WHAT THE TASK ASKS: Copy out exactly, from the entries that follow, the line holding "Los registros de", the line holding "Mia's Kitchen Bistro", and all lines between them, but no pictures.

ENTRIES SHOWN:
-*-

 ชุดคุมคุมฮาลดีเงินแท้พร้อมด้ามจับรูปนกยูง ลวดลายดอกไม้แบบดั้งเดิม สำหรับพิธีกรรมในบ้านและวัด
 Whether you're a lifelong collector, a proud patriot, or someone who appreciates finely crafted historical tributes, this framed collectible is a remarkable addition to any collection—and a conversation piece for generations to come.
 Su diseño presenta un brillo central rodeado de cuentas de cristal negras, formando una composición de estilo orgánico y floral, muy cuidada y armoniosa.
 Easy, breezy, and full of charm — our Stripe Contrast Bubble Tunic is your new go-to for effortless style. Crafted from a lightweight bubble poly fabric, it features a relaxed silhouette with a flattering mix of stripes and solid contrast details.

-*-

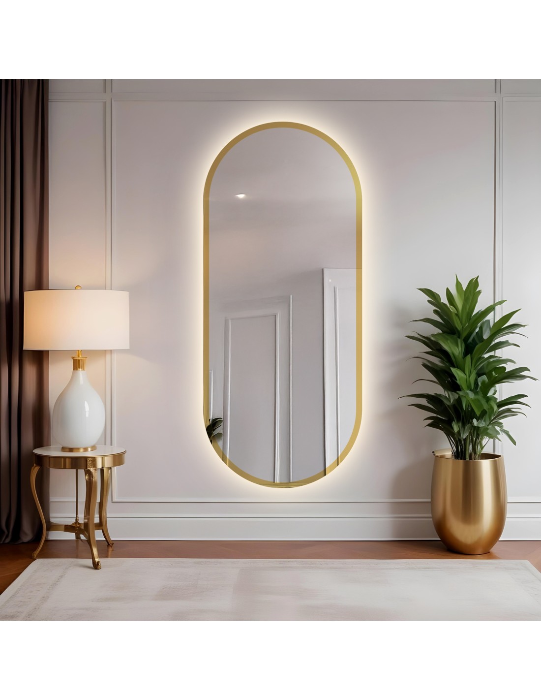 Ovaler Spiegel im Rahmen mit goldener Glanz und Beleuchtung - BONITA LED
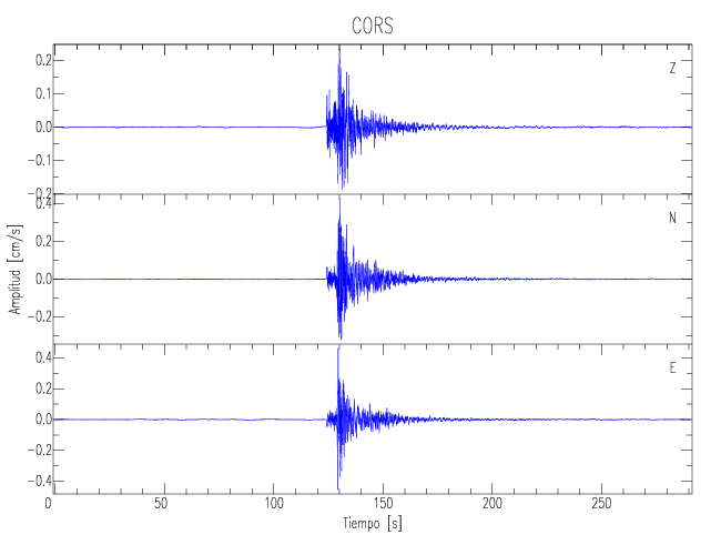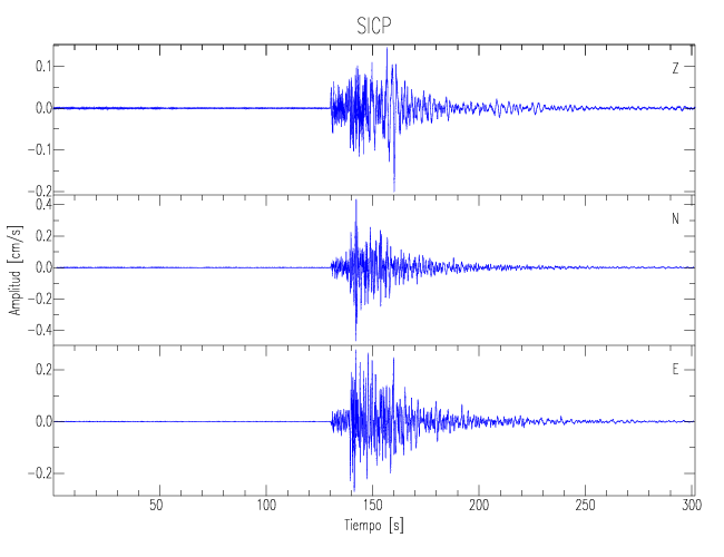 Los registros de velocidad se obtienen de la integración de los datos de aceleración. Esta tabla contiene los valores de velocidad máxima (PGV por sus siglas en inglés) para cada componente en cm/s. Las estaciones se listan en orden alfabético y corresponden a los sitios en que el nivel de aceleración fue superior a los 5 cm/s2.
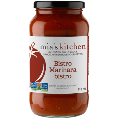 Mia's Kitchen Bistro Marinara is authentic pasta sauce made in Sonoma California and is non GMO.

-*-

WRITTEN SOLUTION:
 Los registros de velocidad se obtienen de la integración de los datos de aceleración. Esta tabla contiene los valores de velocidad máxima (PGV por sus siglas en inglés) para cada componente en cm/s. Las estaciones se listan en orden alfabético y corresponden a los sitios en que el nivel de aceleración fue superior a los 5 cm/s2.
 Mia's Kitchen Bistro Marinara is authentic pasta sauce made in Sonoma California and is non GMO.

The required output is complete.